> _PROBLEM DETAILS_: Transcribe exactly the entries from the "Made in Italien" line to the end, both included, minus pictures.

▶

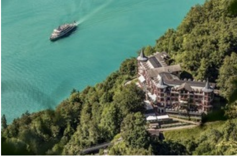
Grandhotel Giessbach in Brienz
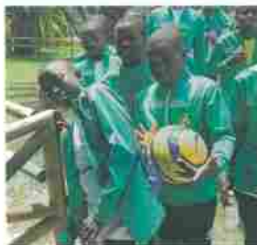
Los niños de la comunidad de San Mateo, en el barrio de San Mateo, en el barrio de San Mateo.
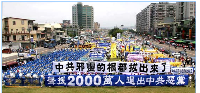
全球声援两千万人退出中共的大型活动已覆盖北美、欧洲及亚洲等十多个国家，声势浩大。图为四月十五日，近四千民众在台湾举行大游行，声援退党潮。

人不治天治，这一切只是天灭红魔的历史大戏的一部份。上天慈悲，在惩治少数不可救要的恶人的同时，也传递着对世人的警示：所有不知醒悟、继续追随中共红魔者都将面临极其危险的惩罚。
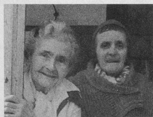
« Les Madivonnes » de Vogüé
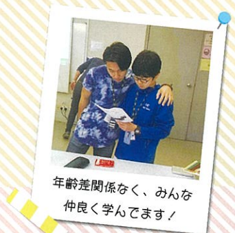
年齢差関係なく、みんな 仲良く学んでいます!
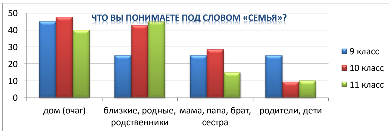
Диаграмма 1 – Понимание слова «семья» 1

Ответы получились разные (дом – очаг; муж – жена; родители – дети; братья – сёстры; родные, родственники – близкие), но практически у всех обучающихся было отмечено, что семья – это, в первую очередь, дом, родные и близкие люди, что абсолютно не удивительно (Диаграмма 1).
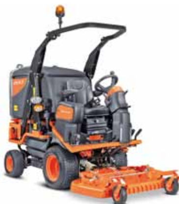
Made in Italien
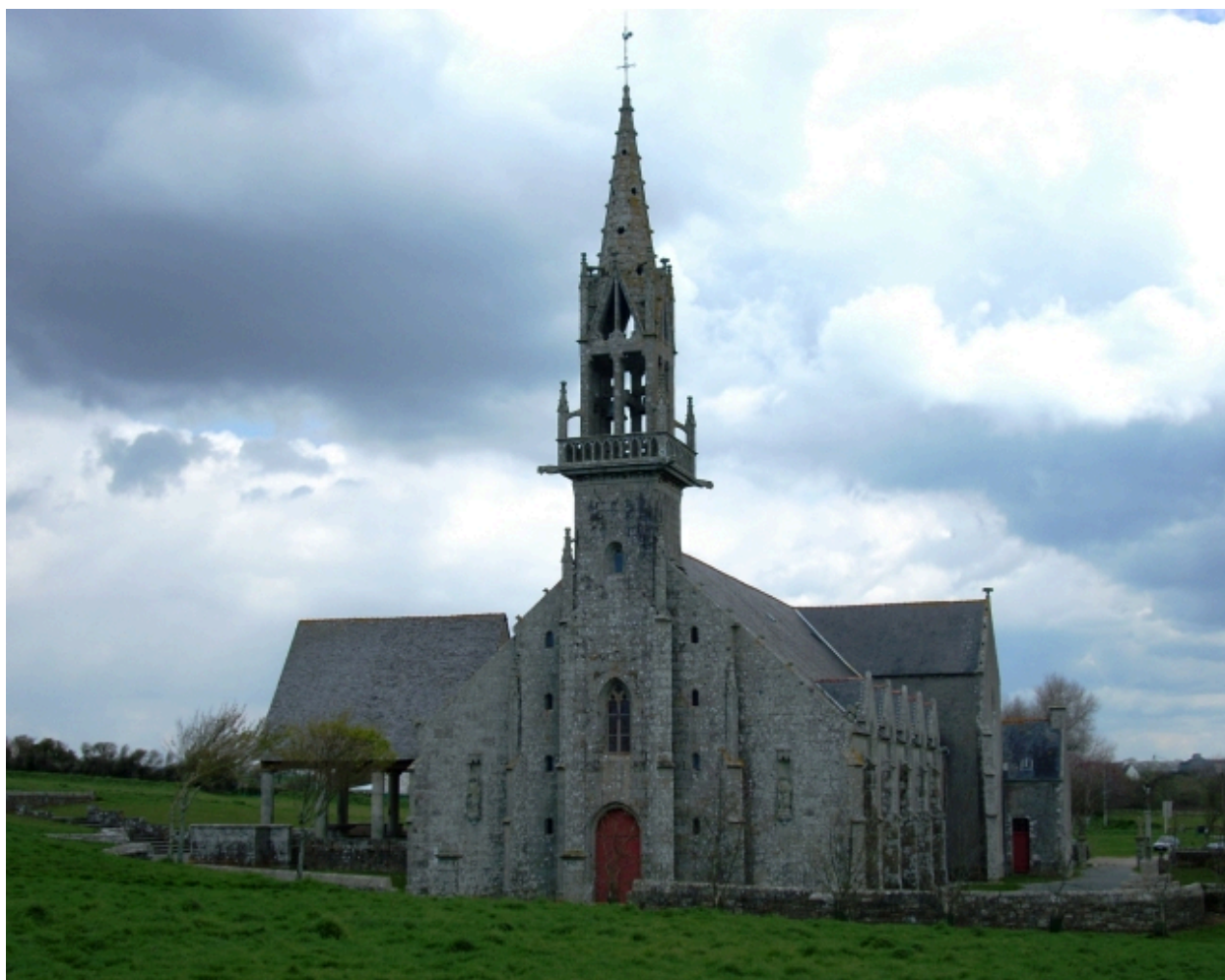
Plonévez-Porzay, chapelle Sainte-Anne-La-Palud : vue générale sud-ouest

◀

> _ANSWER SPACE_:
Made in Italien
Plonévez-Porzay, chapelle Sainte-Anne-La-Palud : vue générale sud-ouest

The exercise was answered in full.